On 5 February 2008, the appellant approached the Judicial Magistrate First Class, Chandigarh under Section 156(3) CrPC. The application was accepted on 19 February 2008 and proceedings under Section 200 CrPC were initiated. Some prosecution evidence was recorded on 21 April 2008 and 10 January 2009. Summoning orders followed on 8 December 2009. The case was committed to the Sessions Court on 3 May 2010.

All three respondents moved the Punjab & Haryana High Court seeking quashing of the complaint and the summoning order. While that challenge was pending, the Sessions Court framed charges on 5 April 2011 — but only against respondent no. 2, Narinder Bansal. Respondents no. 1 and 3, Pardeep Kumar Bansal and Gurmail Singh, were discharged.

Aggrieved by the discharge, the appellant filed criminal revision CRR-993-2011 (O&M) before the High Court. Respondent no. 2 simultaneously challenged the charge-framing and summoning order through CRM-M-26058 of 2011. The High Court disposed of both revisions by a common order dated 2 September 2019, remanding the matter to the Judicial Magistrate First Class, Chandigarh to comply with Section 244 CrPC. The appellant brought that order to the Supreme Court by way of Special Leave Petition (Criminal) No. 776 of 2020, in which leave was granted and the matter was heard as a criminal appeal.

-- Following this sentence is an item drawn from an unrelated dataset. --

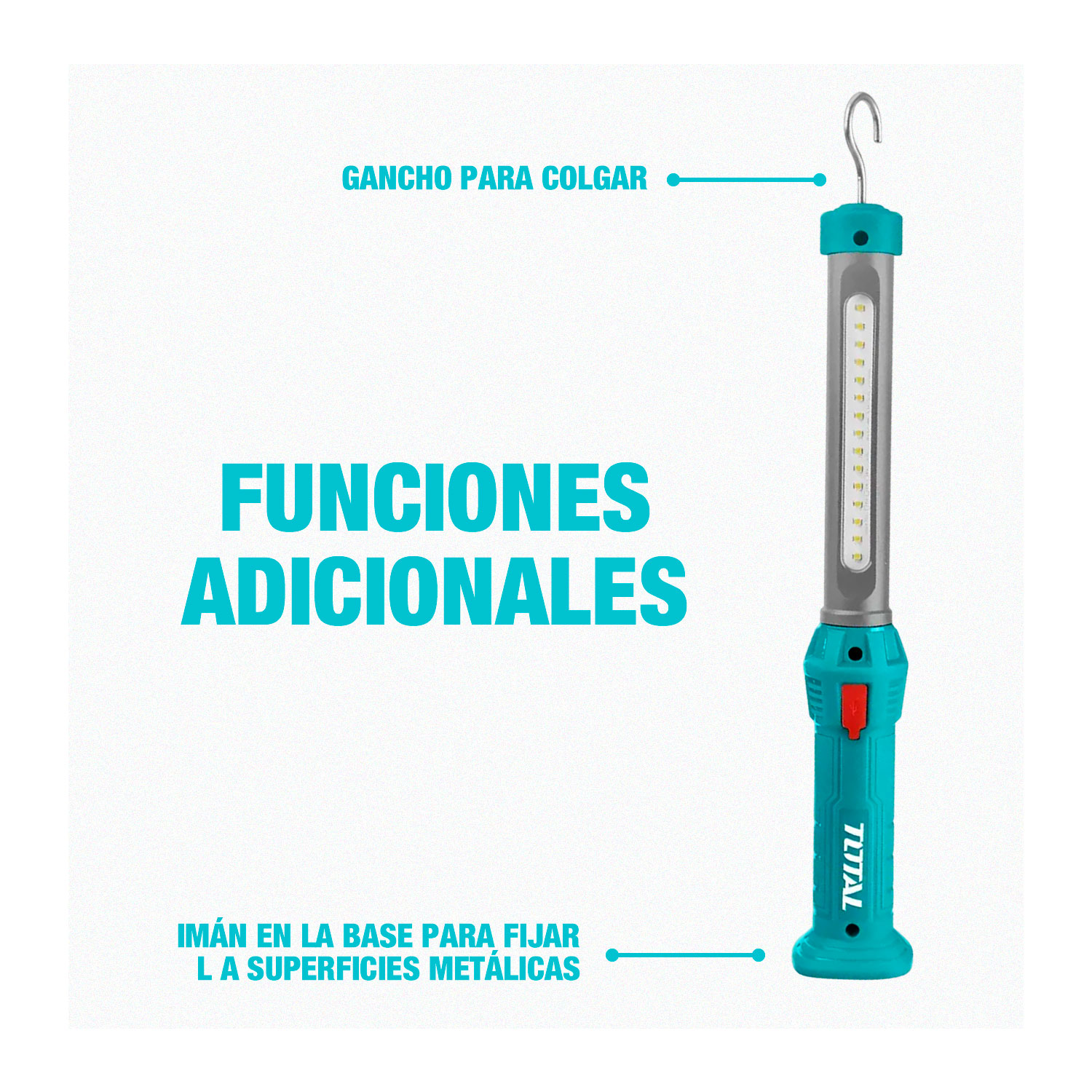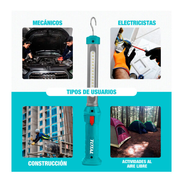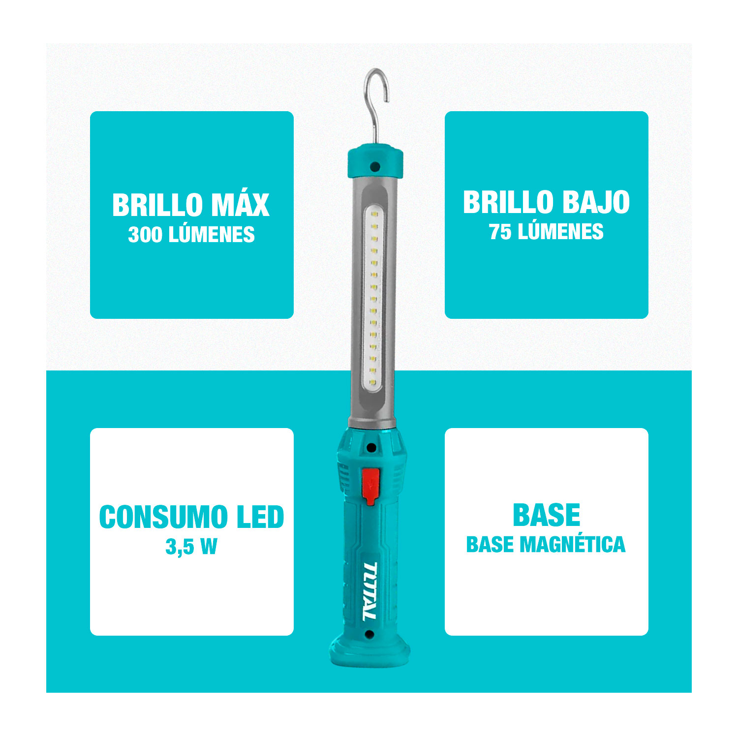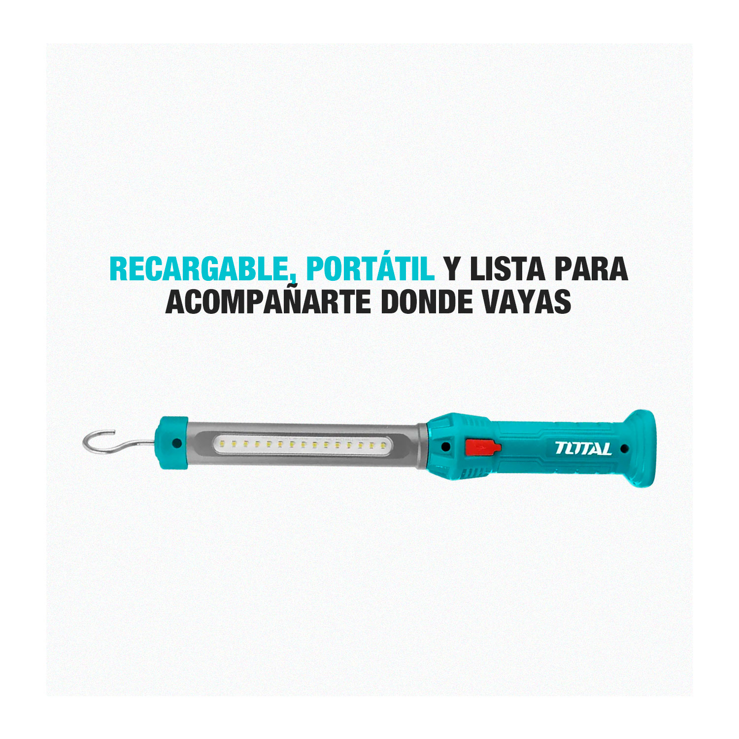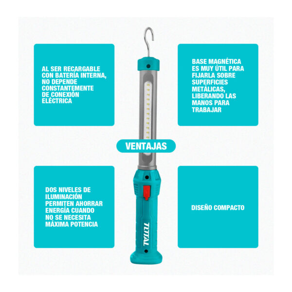 La lámpara recargable LED TWLI35261 es una herramienta práctica y versátil, ideal para trabajos de taller, emergencias o uso doméstico. Con una potencia de 300 lúmenes y batería de litio recargable de 3.6V, ofrece una iluminación potente y estable por hasta 4 horas continuas, cargándose fácilmente mediante puerto USB. Su diseño portátil y ligero la hace cómoda de llevar y manipular, siendo una excelente opción para quienes necesitan una luz confiable y duradera en cualquier situación.
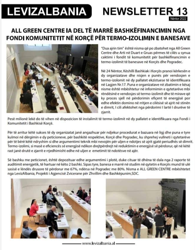 aktivitetesh, sikurse ishin forumet qytetare, marshimet, nënshkrimi i peticioneve, paraqitja e tyre në këshillat bashkiakë, hartimi i raporteve të auditimit energjetik në banesë, etj.

The High Court's Reasoning

The High Court held that Section 244 CrPC mandates a Magistrate to hear all prosecution evidence before committing a complaint-based case, regardless of whether the offence is ultimately triable by the Magistrate or the Sessions Court. The single judge reasoned that where a case is based on a complaint rather than a police report, there must be some pre-committal evidence beyond the pre-summoning material, so that the Magistrate does not function as a mere mouthpiece of the prosecution.

The High Court relied principally on three decisions: Ajoy Kumar Ghose v. State of Jharkhand, Sunil Mehta v. State of Gujarat, and Harinarayan G. Bajaj v. State of Maharashtra.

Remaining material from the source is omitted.